Organisers hope that Art Stage Jakarta will help establish the city as a regional art hub and boost international interest in local artists
The nation’s top collectors are opening up their homes and an abundance of edgy contemporary artists are displaying their work: Indonesia is inviting the world to take notice of its vibrant art scene with the launch of Art Stage Jakarta.
The inaugural art fair, the sister event to the established Art Stage Singapore, opened on Friday at the Sheraton Grand Hotel Gandiara City and will run through Sunday.
With 49 galleries from across Southeast Asia and further afield – including 16 from Indonesia alone – over 2,400 sq. metres of exhibition space, the art fair promises to “present a juxtaposition of the country’s best contemporary art with selections from… Asia and the West.”
Lorenzo Rudolf, the founder and president of Art Stage, said that Indonesia had the strongest art scene, and art buying market, in the region but lacked wider recognition.

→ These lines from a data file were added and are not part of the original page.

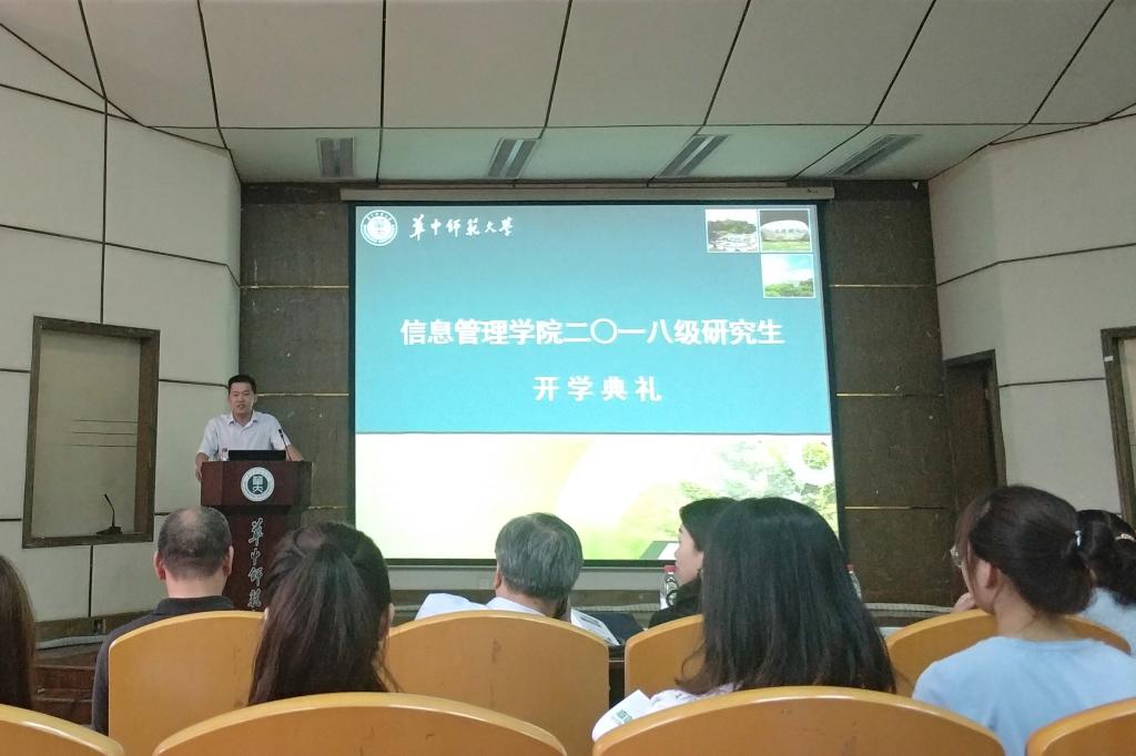 (通讯员杜丽君)为迎接信息管理学院硕博新生,9月7号下午2点,由曹高辉副院长主持的信息管理学院硕博新生开学典礼在9号楼报告厅拉开帷幕。出席开学典礼的有学院党委书记刘宝卿、湖北省科技信息研究院代表,以及信管学院各位教授、辅导员老师和研会代表,对2018级硕博新生送上了祝福和教诲。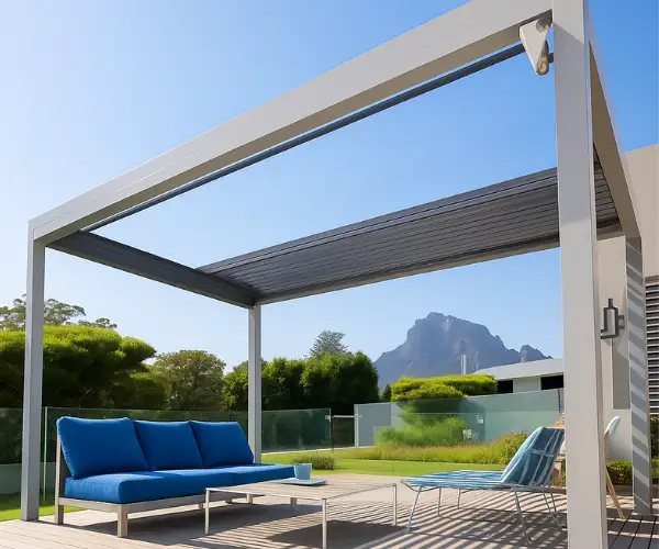 La pérgola bioclimática retráctil funciona de otra manera: las lamas se pliegan o deslizan hacia un lateral, dejando el espacio completamente abierto o completamente cerrado. No existe una posición intermedia. Esto la convierte en una opción excelente cuando quieres cielo despejado en primavera o otoño, pero la hace menos versátil para los días de calor intenso en que lo que necesitas no es abrir ni cerrar del todo, sino regular.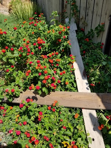 What else? A section of the fence separating our yard from the neighbors’ broke and fell during the storm. I investigated the damage and found the fence boards lying over the verbena (or lantana?), nails up. At least there’s no danger of Geronimo climbing over them. I have to figure out what to do about the situation, though.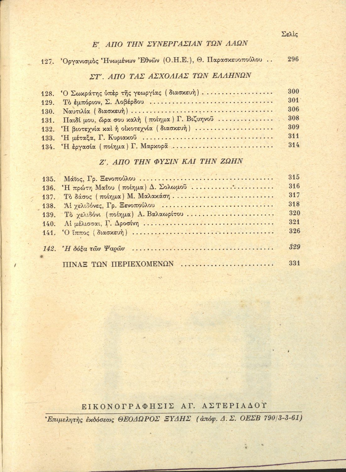 Αναγνωστικό ΣΤ΄ Δημοτικού που περιλαμβάνει θέματα από τις ελληνικές παραδόσεις και μύθους, την ελληνική φύση και θάλασσα και το τρίπτυχο "Πατρίς-θρησκεία-οικογένειαα".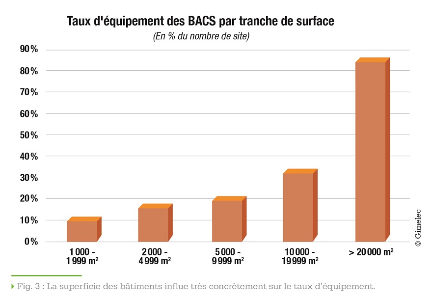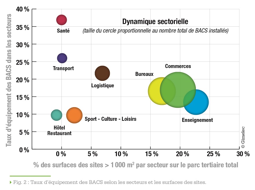Plutôt précurseurs, les sites de santé comme les hôpitaux et ceux de transport, les gares, se sont dotés de BACS (> 30 %) sans attendre la réglementation, pour des impératifs de continuité de service, de performance énergétique, d’optimisation, ou encore de confort des usagers. Il faut également souligner l’effet très positif de la fiche CEE BAT-TH-116 et de son bonus temporaire sur les décisions d’investissements dans des BACS et le déclenchement des démarches d’efficacité énergétique associées.

This was part of the motivation, he said, for bringing the art fair to the country’s capital.
“You have so many great artists. You have so many strong collectors, who want not only to possess art, but want to support Indonesian artists,” he told an audience at the launch. “That is what makes it so unique.”
“There is also a weakness. I think what is missing until today is infrastructure on the same level as your art and your collectors are. And that’s where we can come in and where we can help and become part of this entire game.”
In addition to the myriad galleries plying their wares, the fair also had a non-commercial side.
Two special exhibitions are being held: one showcasing the works of the late Indonesian master Affandi, and another of loaned artworks that provide a glimpse into the collections of six major Indonesian collectors.
It is hoped that the boutique art fair will help establish Jakarta as the premier ‘art city’ in Southeast Asia and provide a global launch platform for local artists.
“They say you know when it’s time – well, the time is right now,” the organisers write in the programme. “Indonesia is moving, and this is its moment.”